--- MATERIAL FOR THIS EXERCISE ---

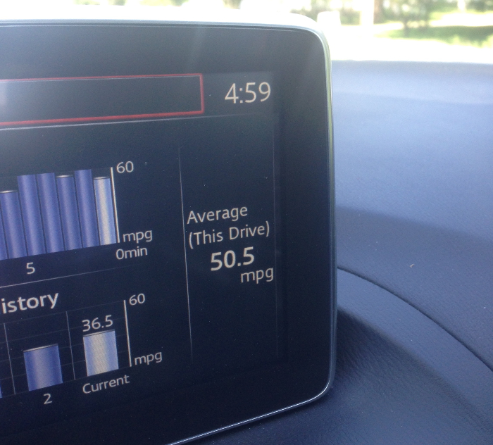 Daddy was very happy on the way home because he managed to get 50 miles per gallon for the trip. So I will humor him and include the picture of the screen he took with his phone camera as evidence.
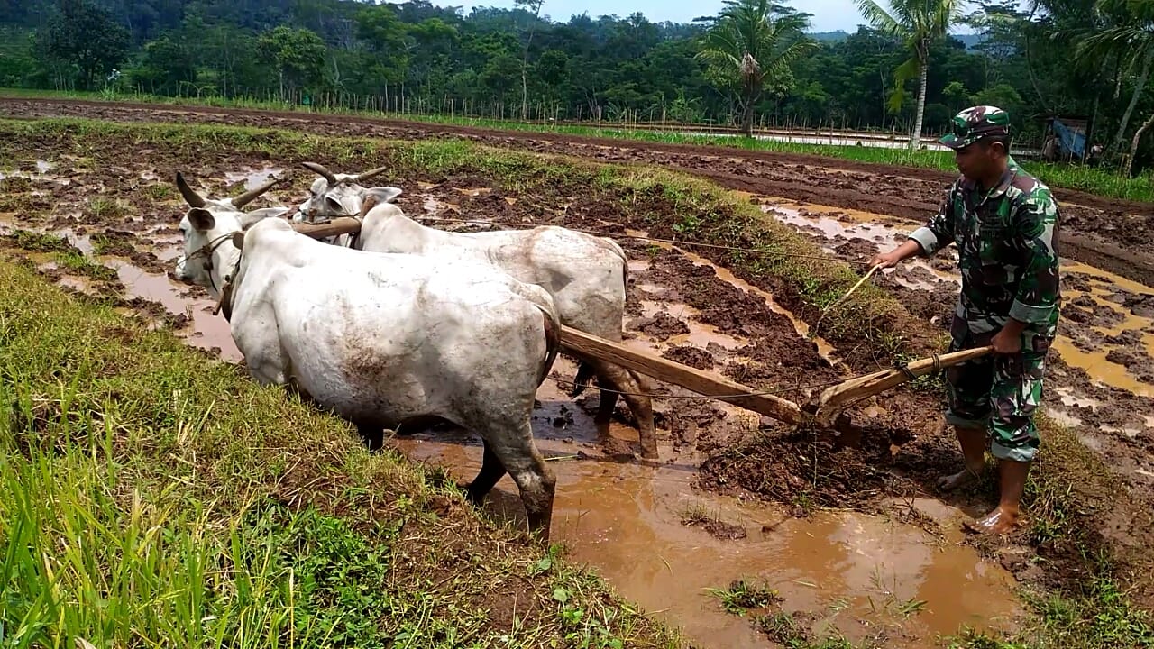 Babinsa di Pamekasan Bantu Petani Bajak Sawah Secara Tradisional
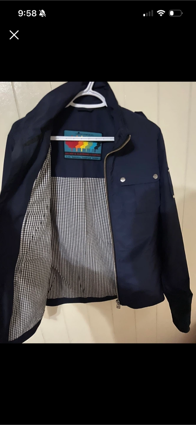 This is a Moose Knuckles jacket in navy. It features a checkered lining inside and multiple buttoned pockets. This jacket is from the Jacket & Clothing Company.
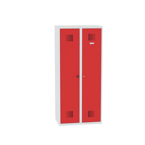 Hegesztett szekrények, alkalmasak takarítóeszközök tárolására. A bal és jobb oldali ajtónyitás gyors hozzáférést biztosít a szekrény egészéhez. A szekrény két részre van osztva, az egyik négy polccal, a másik egy polccal a szekrény felső részén. 0,5 mm vastag acéllemezből készültek, megerősített hegesztésekkel. A szekrény ajtaján lévő szellőzőnyílások hatékonyan elvezetik a nedvességet. A jobb oldali szárny egypontos hengerzárral zárható, a bal oldali szárny alumínium gombbal nyitható. A névtábla elhelyezhető a ajtó felső részén. Porfestékkel bevont felület.
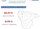 Явка по области составила 25,41 %, в Воронеже – 8,90 %.
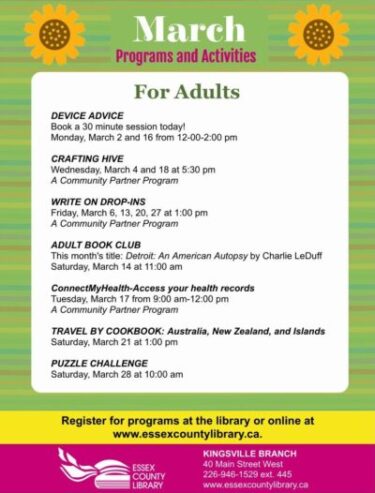 Register online at www.essexcountylibrary.ca or by phoning (226) 946-1529 ext. 445
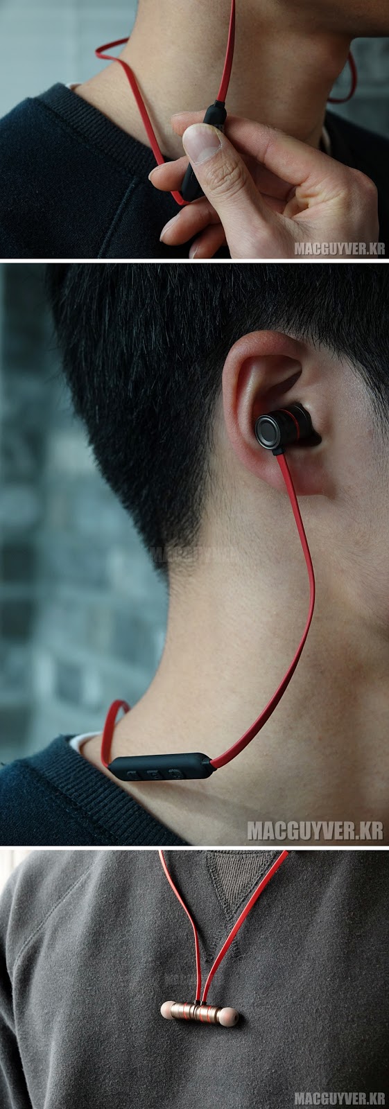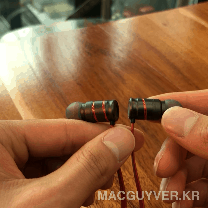 5) 자력이 강하지는 않지만 마그네틱 방식으로 두 이어버드를 고정해둘 수 있어서 음악을 듣지 않을 때도 비교적 안심하고 귀에서 빼어둘 수 있다.
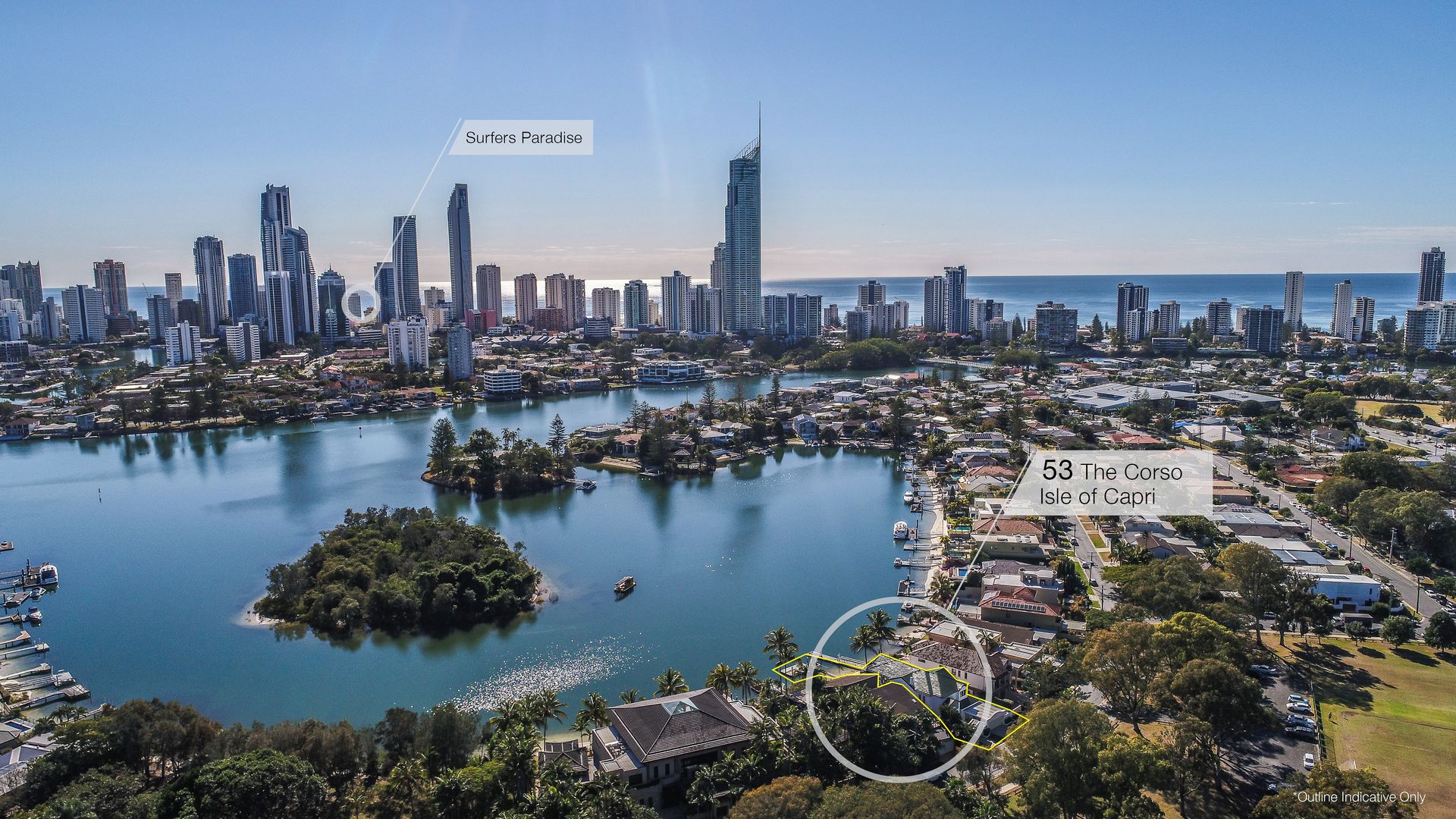 UNRIVALLED VIEWS & NORTH FACING ASPECT IN SOUGHT-AFTER ISLE OF CAPRI. Prepare to be speechless from the moment you step inside this sprawling, recently renovated two-storey home in sought-after Isle of Capri. Boasting uninterrupted, picturesque views of the iconic Gold Coast skyline via the vast floor to ceiling expanse of glass which runs the entire rear of this residence, you'll immediately fall in love with this unrivalled panorama, visible from every angle of the open plan downstairs area. Nestled right on the water, and featuring flawless marble and man made finishes, brand new blackbutt timber floors plus an enviable north facing aspect, this superb family home is sure to spoil you for anything else.

---

■ **ABOUT THIS EXERCISE**
Write out exactly the lines above, from the very first through the line containing "Babinsa di Pamekasan", both kept, with the pictures removed.

■ **RESULT FOR THIS EXERCISE**
 Daddy was very happy on the way home because he managed to get 50 miles per gallon for the trip. So I will humor him and include the picture of the screen he took with his phone camera as evidence.
 Babinsa di Pamekasan Bantu Petani Bajak Sawah Secara Tradisional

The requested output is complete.